## [TASK GOAL]
What you return must match, exactly, the lines running from the one containing "sword of truth: you" to the end of the data, both included, and must contain no pictures.
■ ■ ■ ■ ■ ■ ■
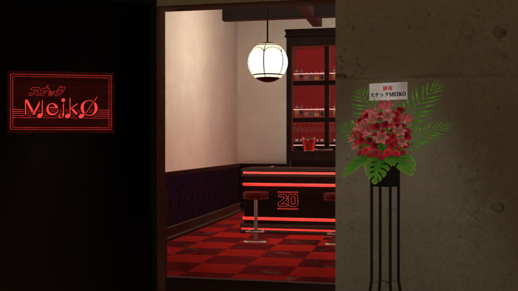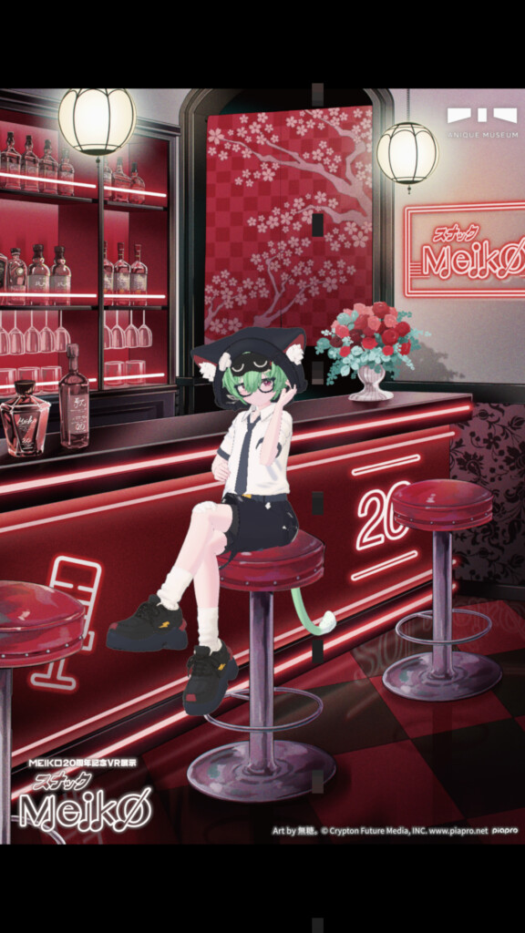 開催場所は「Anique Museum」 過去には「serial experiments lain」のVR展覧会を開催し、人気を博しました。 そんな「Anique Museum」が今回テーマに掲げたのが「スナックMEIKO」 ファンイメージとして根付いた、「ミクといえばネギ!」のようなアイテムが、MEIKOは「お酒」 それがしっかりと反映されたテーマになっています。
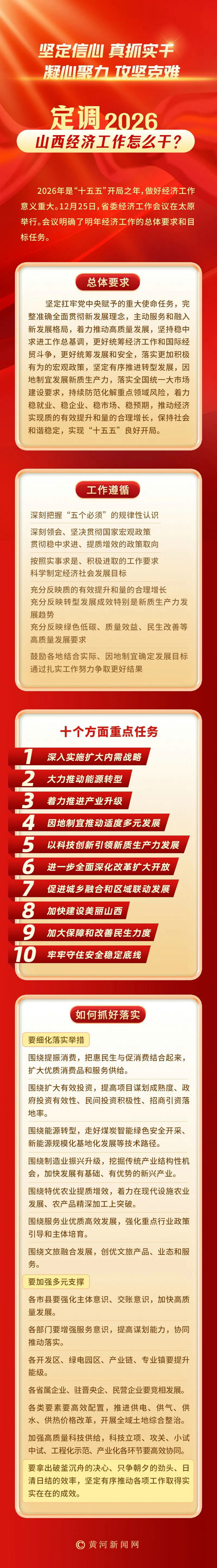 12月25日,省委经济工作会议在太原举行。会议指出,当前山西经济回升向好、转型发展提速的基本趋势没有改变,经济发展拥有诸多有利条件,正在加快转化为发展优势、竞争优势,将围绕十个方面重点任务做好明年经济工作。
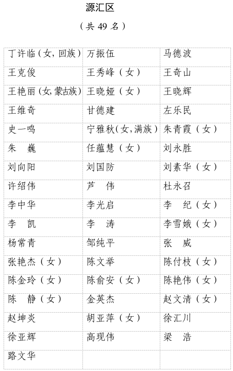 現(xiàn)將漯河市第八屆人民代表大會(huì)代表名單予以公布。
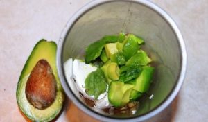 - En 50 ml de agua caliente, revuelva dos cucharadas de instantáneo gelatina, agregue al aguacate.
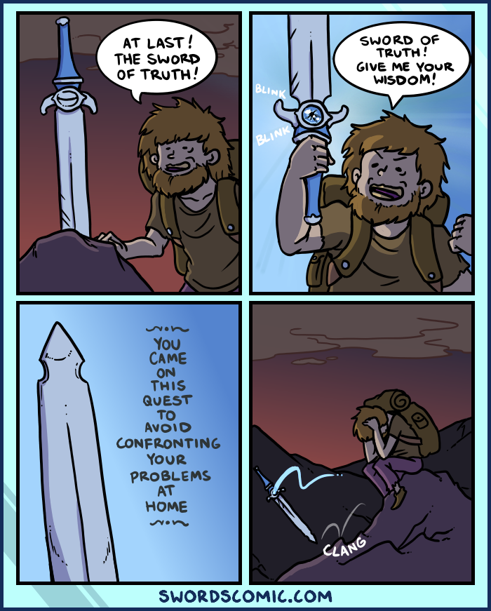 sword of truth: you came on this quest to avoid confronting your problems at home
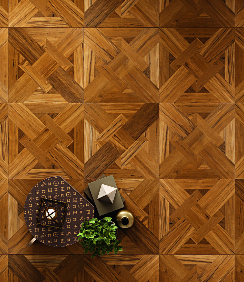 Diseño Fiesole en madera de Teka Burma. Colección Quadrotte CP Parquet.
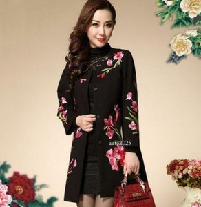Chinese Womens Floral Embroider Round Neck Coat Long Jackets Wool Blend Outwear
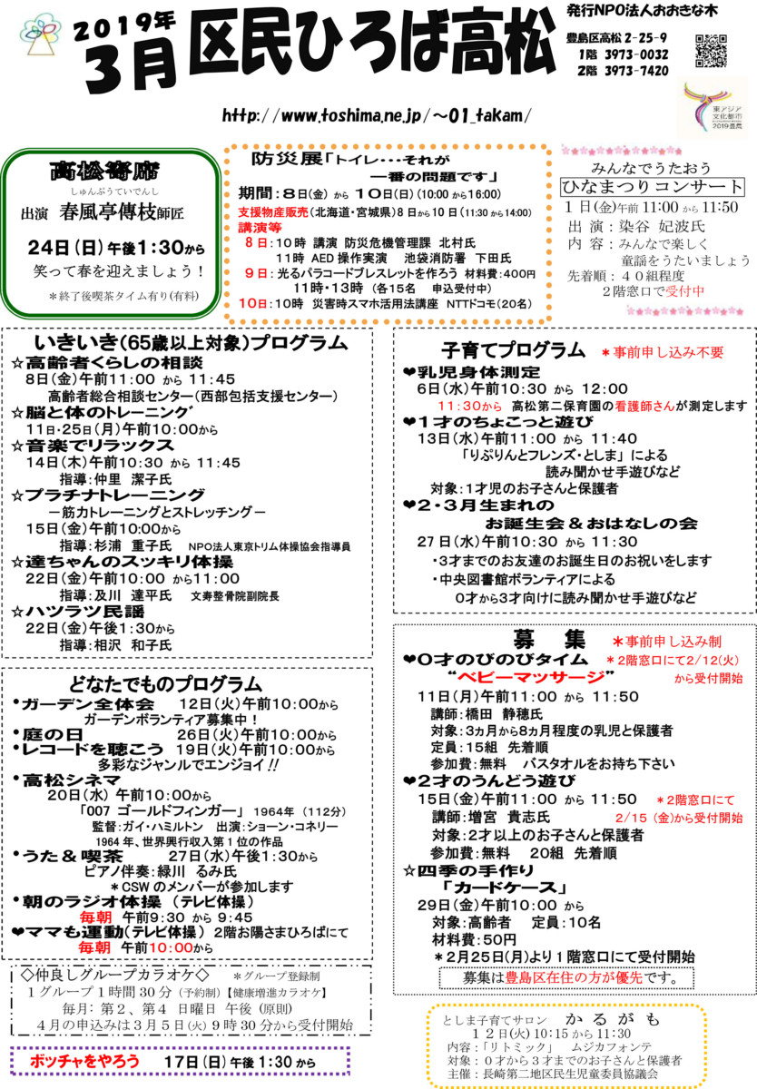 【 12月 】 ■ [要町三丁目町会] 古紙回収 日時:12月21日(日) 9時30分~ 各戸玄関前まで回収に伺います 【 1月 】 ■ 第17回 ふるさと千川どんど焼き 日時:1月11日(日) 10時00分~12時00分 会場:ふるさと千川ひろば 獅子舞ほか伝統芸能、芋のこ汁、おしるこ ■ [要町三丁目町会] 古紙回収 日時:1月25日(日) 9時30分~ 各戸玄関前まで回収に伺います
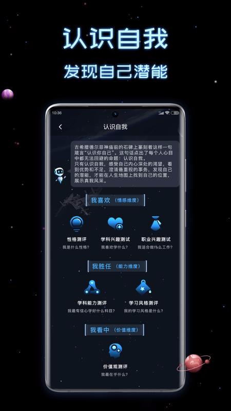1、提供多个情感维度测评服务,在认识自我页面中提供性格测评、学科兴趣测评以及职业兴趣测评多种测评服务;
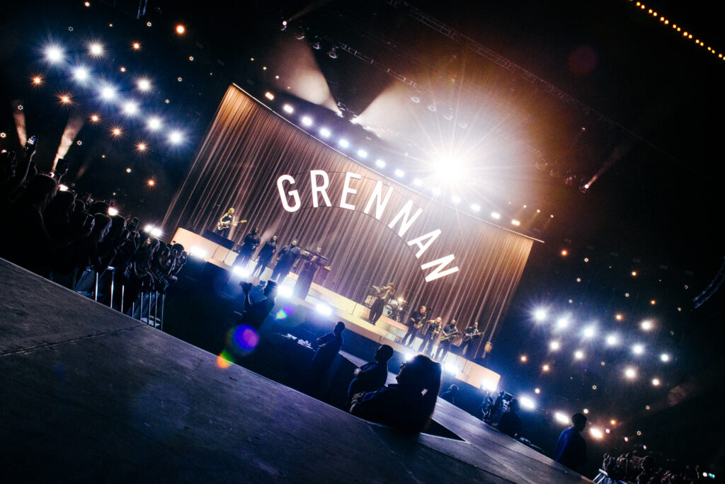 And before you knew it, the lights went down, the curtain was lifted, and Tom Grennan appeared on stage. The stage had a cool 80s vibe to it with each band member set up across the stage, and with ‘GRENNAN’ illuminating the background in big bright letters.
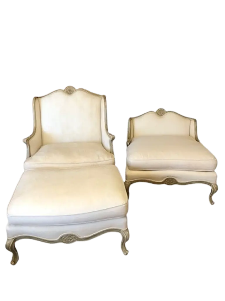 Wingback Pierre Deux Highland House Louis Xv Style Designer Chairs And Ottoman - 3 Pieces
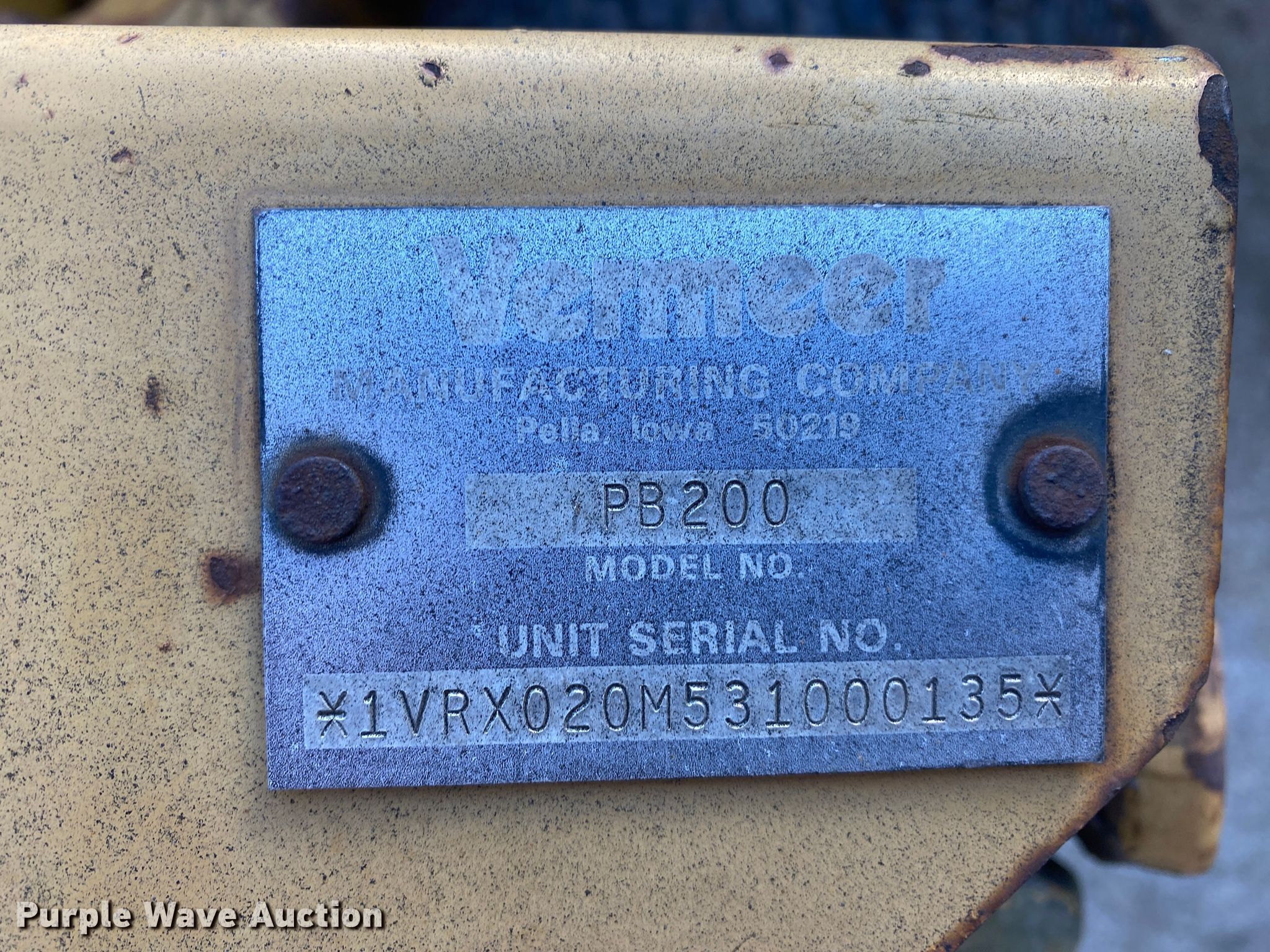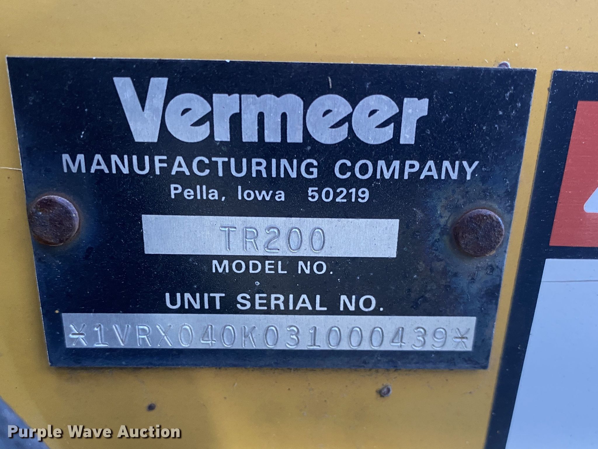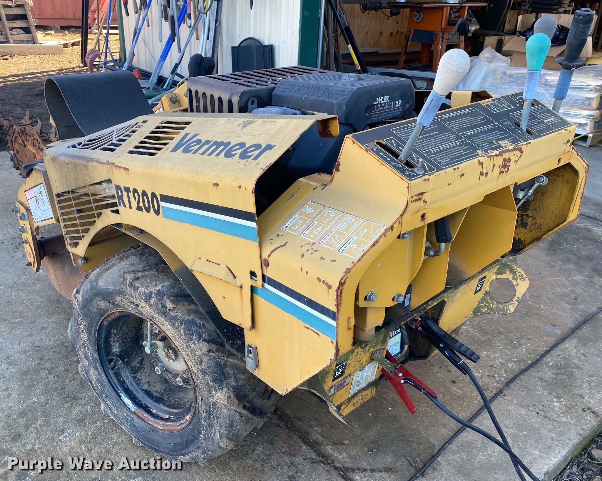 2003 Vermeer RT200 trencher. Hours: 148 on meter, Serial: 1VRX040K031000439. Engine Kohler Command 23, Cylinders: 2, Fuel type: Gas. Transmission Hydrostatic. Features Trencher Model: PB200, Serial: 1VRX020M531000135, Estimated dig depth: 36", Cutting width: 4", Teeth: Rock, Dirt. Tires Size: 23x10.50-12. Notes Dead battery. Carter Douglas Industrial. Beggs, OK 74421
■ ■ ■ ■ ■ ■ ■
## [WORKED SOLUTION]
 sword of truth: you came on this quest to avoid confronting your problems at home
 Diseño Fiesole en madera de Teka Burma. Colección Quadrotte CP Parquet.
Chinese Womens Floral Embroider Round Neck Coat Long Jackets Wool Blend Outwear
 【 12月 】 ■ [要町三丁目町会] 古紙回収 日時:12月21日(日) 9時30分~ 各戸玄関前まで回収に伺います 【 1月 】 ■ 第17回 ふるさと千川どんど焼き 日時:1月11日(日) 10時00分~12時00分 会場:ふるさと千川ひろば 獅子舞ほか伝統芸能、芋のこ汁、おしるこ ■ [要町三丁目町会] 古紙回収 日時:1月25日(日) 9時30分~ 各戸玄関前まで回収に伺います
1、提供多个情感维度测评服务,在认识自我页面中提供性格测评、学科兴趣测评以及职业兴趣测评多种测评服务;
 And before you knew it, the lights went down, the curtain was lifted, and Tom Grennan appeared on stage. The stage had a cool 80s vibe to it with each band member set up across the stage, and with ‘GRENNAN’ illuminating the background in big bright letters.
 Wingback Pierre Deux Highland House Louis Xv Style Designer Chairs And Ottoman - 3 Pieces
 2003 Vermeer RT200 trencher. Hours: 148 on meter, Serial: 1VRX040K031000439. Engine Kohler Command 23, Cylinders: 2, Fuel type: Gas. Transmission Hydrostatic. Features Trencher Model: PB200, Serial: 1VRX020M531000135, Estimated dig depth: 36", Cutting width: 4", Teeth: Rock, Dirt. Tires Size: 23x10.50-12. Notes Dead battery. Carter Douglas Industrial. Beggs, OK 74421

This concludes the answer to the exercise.